(Data section Opens)

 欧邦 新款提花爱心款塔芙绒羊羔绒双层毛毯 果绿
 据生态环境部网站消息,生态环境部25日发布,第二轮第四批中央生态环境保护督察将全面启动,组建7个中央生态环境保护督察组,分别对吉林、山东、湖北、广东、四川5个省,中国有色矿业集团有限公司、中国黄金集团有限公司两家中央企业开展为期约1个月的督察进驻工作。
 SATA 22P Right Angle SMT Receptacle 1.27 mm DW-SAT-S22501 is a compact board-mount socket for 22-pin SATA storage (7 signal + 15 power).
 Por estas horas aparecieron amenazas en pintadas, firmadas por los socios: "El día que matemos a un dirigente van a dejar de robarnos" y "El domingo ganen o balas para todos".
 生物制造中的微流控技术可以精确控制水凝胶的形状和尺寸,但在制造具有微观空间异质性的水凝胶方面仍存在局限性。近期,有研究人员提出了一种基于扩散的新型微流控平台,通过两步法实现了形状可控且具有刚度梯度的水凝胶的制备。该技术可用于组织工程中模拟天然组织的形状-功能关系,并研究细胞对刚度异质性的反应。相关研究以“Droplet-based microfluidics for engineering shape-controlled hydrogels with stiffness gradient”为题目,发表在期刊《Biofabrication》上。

(Data section Closes)
(Data section Opens)

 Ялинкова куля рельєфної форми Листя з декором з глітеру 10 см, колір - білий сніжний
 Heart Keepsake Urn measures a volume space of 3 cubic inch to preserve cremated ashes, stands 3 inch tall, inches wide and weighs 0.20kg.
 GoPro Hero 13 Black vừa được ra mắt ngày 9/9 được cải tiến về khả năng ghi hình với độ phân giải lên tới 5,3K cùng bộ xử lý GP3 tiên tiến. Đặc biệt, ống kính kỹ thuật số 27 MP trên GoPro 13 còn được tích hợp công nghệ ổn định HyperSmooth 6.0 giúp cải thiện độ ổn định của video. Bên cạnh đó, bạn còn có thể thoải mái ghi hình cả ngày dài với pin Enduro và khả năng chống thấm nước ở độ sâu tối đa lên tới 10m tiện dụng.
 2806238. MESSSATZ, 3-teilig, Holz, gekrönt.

(Data section Closes)
(Data section Opens)

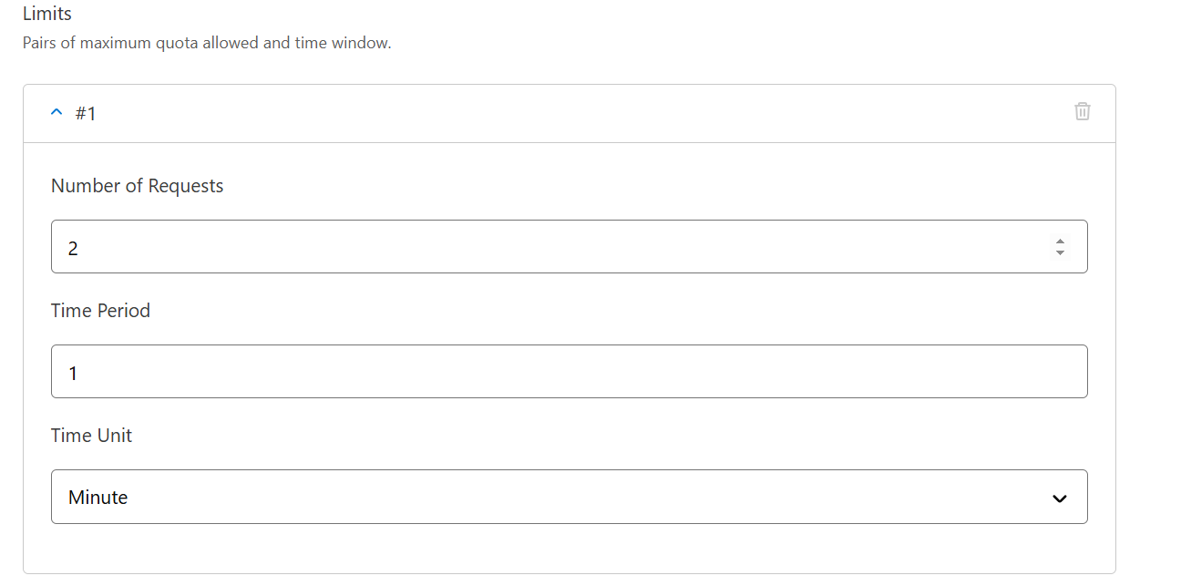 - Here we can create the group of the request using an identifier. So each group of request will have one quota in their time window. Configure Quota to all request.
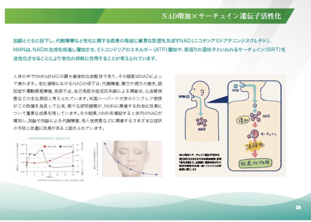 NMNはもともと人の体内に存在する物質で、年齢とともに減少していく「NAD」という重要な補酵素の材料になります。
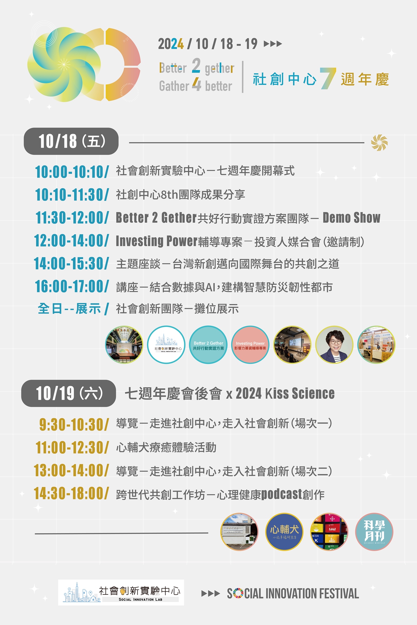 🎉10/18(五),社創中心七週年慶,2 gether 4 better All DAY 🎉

(Data section Closes)

## [Problem to work on]
All lines in the listing above from the line containing "欧邦 新款提花爱心款塔芙绒羊羔绒双层毛毯 果绿" to the line containing "SATA 22P Right", inclusive, should be retyped exactly; no other lines should appear.

## [Answer to this exercise]
 欧邦 新款提花爱心款塔芙绒羊羔绒双层毛毯 果绿
 据生态环境部网站消息,生态环境部25日发布,第二轮第四批中央生态环境保护督察将全面启动,组建7个中央生态环境保护督察组,分别对吉林、山东、湖北、广东、四川5个省,中国有色矿业集团有限公司、中国黄金集团有限公司两家中央企业开展为期约1个月的督察进驻工作。
 SATA 22P Right Angle SMT Receptacle 1.27 mm DW-SAT-S22501 is a compact board-mount socket for 22-pin SATA storage (7 signal + 15 power).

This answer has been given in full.